Subject to the terms and conditions of the Indenture, the Company will make all payments and deliveries in respect of conversions, the Fundamental Change Repurchase Price on the Fundamental Change Repurchase Date (if applicable) and the principal amount on the Maturity Date, as the case may be, to the Holder who surrenders a Note to a Paying Agent to collect such payments in respect of the Note. The Company will pay cash amounts in money of the United States that at the time of payment is legal tender for payment of public and private debts.

The Indenture contains provisions permitting the Company and the Trustee in certain circumstances, without the consent of the Holders of the Notes, and in certain other circumstances, with the consent of the Holders of not less than a majority in aggregate principal amount of the Notes at the time outstanding, evidenced as in the Indenture provided, to execute supplemental indentures modifying the terms of the Indenture and the Notes as described therein. It is also provided in the Indenture that, subject to certain exceptions, the Holders of a majority in aggregate principal amount of the Notes at the time outstanding may on behalf of the Holders of all of the Notes waive any past Default or Event of Default under the Indenture and its consequences.

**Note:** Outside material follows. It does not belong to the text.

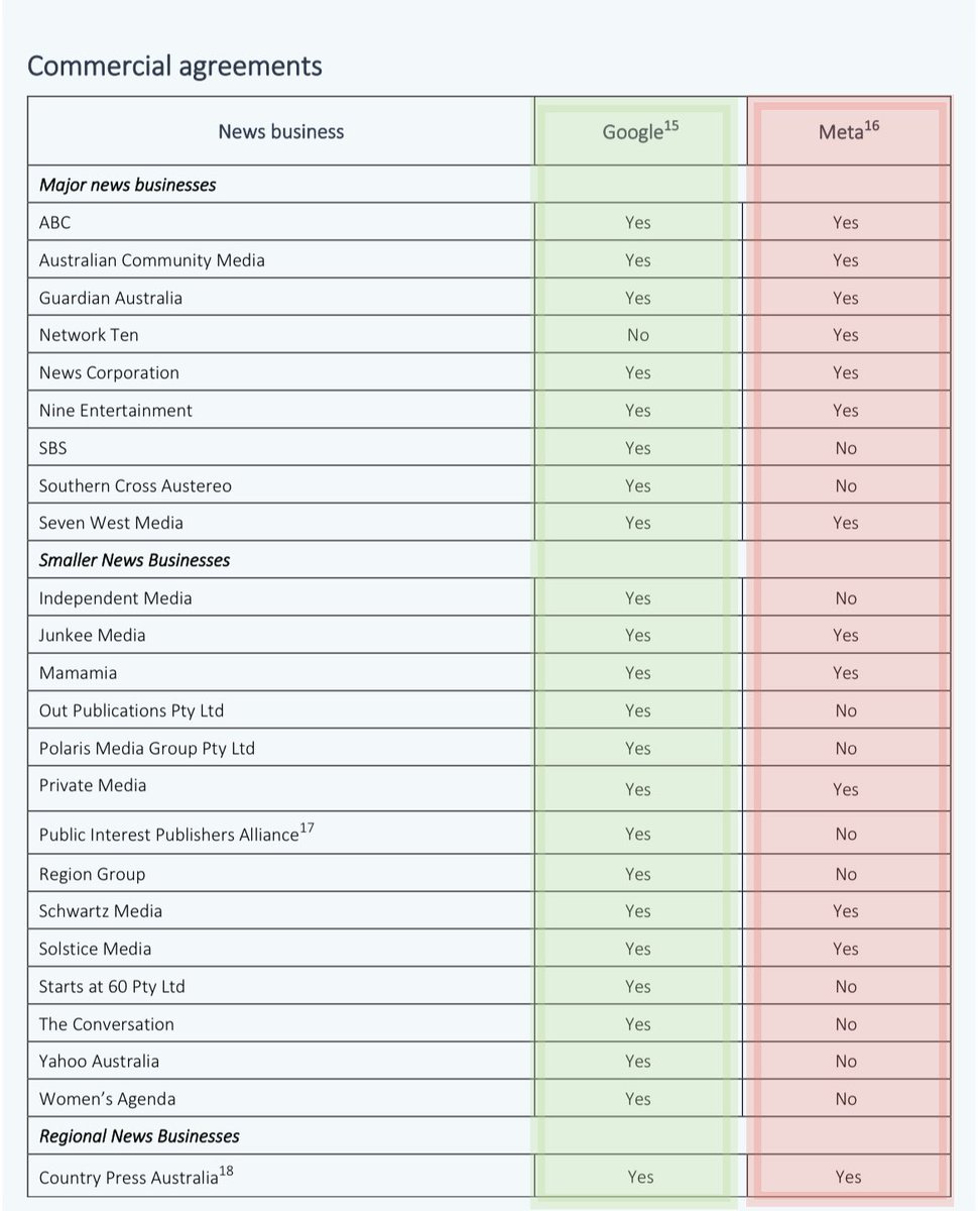 Of course, you may have also heard same company that caused chaos to try to stop it was also not playing ball fully. Red/green are my highlights but Google has been much more supportive of journalism, one company here doesn’t have a deal with Google, 11 “No”’s for Facebook. /3

Each Holder shall have the right to receive payment or delivery, as the case may be, of (x) the principal (including the Fundamental Change Repurchase Price, if applicable) of, (y) accrued and unpaid interest, if any, on, and (z) the consideration due upon conversion of, this Note at the place, at the respective times, at the rate and in the lawful money, or shares of Common Stock, or through an increase of the principal amount of the outstanding Notes or the issuance of paid-in-kind Notes, as the case may be, herein prescribed.

 

A-5


The Notes are issuable in registered form without coupons in minimum denominations of $1.00 principal amount and integral multiples in excess thereof. At the office or agency of the Company referred to on the face hereof, and in the manner and subject to the limitations provided in the Indenture, Notes may be exchanged for a like aggregate principal amount of Notes of other authorized denominations, without payment of any service charge but, if required by the Company or Trustee, with payment of a sum sufficient to cover any transfer or similar tax that may be imposed in connection therewith as a result of the name of the Holder of the new Notes issued upon such exchange of Notes being different from the name of the Holder of the old Notes surrendered for such exchange.

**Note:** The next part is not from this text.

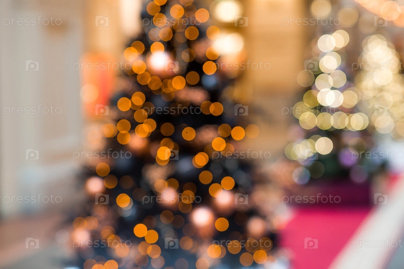 Красивый рождественский фон 2026 года. Абстрактный размытый рождественский фон с гирляндами елки в теплых оттенках

Upon the occurrence of a Fundamental Change, the Holder has the right, at such Holder’s option, to require the Company to repurchase for cash all of such Holder’s Notes or any portion thereof (in principal amounts of $1.00 or integral multiples thereof) on the Fundamental Change Repurchase Date at a price equal to the Fundamental Change Repurchase Price.

Subject to the provisions of the Indenture, the Holder hereof has the right, at its option, during certain periods and upon the occurrence of certain conditions specified in the Indenture, prior to the close of business on the Business Day immediately preceding the Maturity Date, to convert any Notes or portion thereof that is $1.00 or an integral multiple thereof, into cash, shares of Common Stock or a combination of cash and shares of Common Stock, at the Company’s election, at the Applicable Conversion Rate specified in the Indenture, as adjusted from time to time as provided in the Indenture.

 

A-6


ABBREVIATIONS

The following abbreviations, when used in the inscription of the face of this Note, shall be construed as though they were written out in full according to applicable laws or regulations:

TEN COM = as tenants in common

UNIF GIFT MIN ACT = Uniform Gifts to Minors Act

CUST = Custodian

TEN ENT = as tenants by the entireties

JT TEN = joint tenants with right of survivorship and not as tenants in common

Additional abbreviations may also be used though not in the above list.